#### [About this task]
Your answer must be only the lines below from the one containing "in Richtung Garten." through the one containing "八田良平さんの天運は13画の5点!", copied exactly, with the pictures left out.

#### [The records]
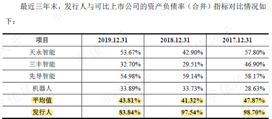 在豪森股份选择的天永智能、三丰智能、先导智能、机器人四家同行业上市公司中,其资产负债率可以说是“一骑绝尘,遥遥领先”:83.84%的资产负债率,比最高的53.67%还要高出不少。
==
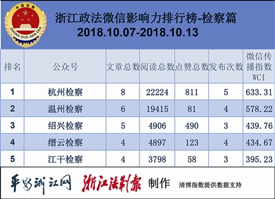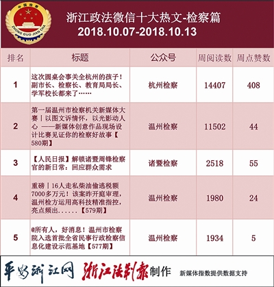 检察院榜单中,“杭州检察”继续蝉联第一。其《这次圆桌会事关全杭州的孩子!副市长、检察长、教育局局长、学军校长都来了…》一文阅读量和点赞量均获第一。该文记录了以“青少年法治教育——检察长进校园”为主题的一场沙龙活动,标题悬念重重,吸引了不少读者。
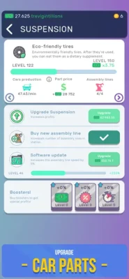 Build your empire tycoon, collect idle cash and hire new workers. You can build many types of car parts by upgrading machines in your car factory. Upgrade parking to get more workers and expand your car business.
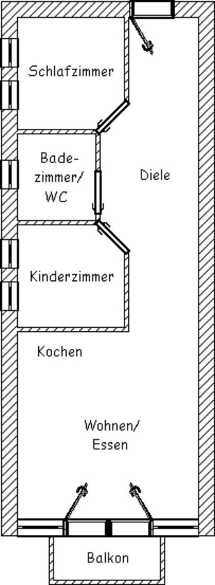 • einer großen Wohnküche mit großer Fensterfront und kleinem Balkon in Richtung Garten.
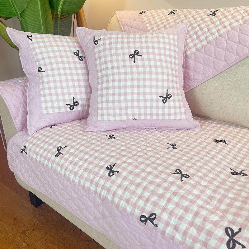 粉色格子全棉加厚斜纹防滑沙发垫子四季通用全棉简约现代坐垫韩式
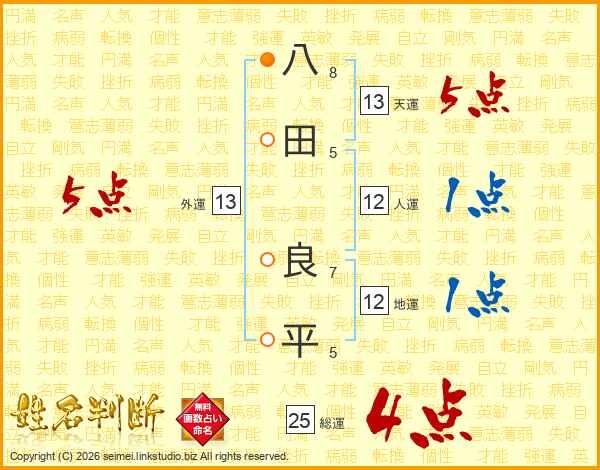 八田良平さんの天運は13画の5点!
* * *
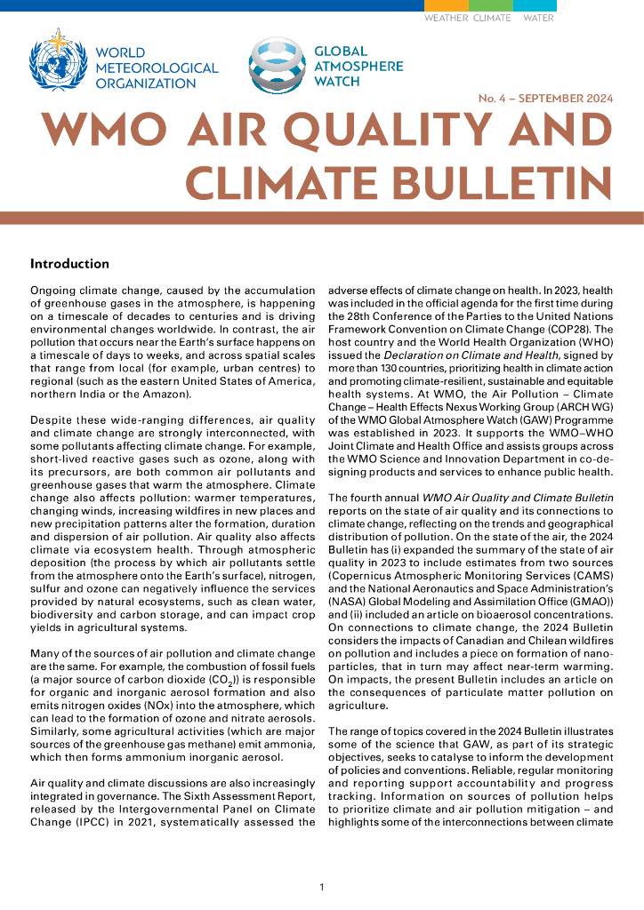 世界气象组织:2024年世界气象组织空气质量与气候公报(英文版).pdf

#### [Solution to the exercise]
 • einer großen Wohnküche mit großer Fensterfront und kleinem Balkon in Richtung Garten.
 粉色格子全棉加厚斜纹防滑沙发垫子四季通用全棉简约现代坐垫韩式
 八田良平さんの天運は13画の5点!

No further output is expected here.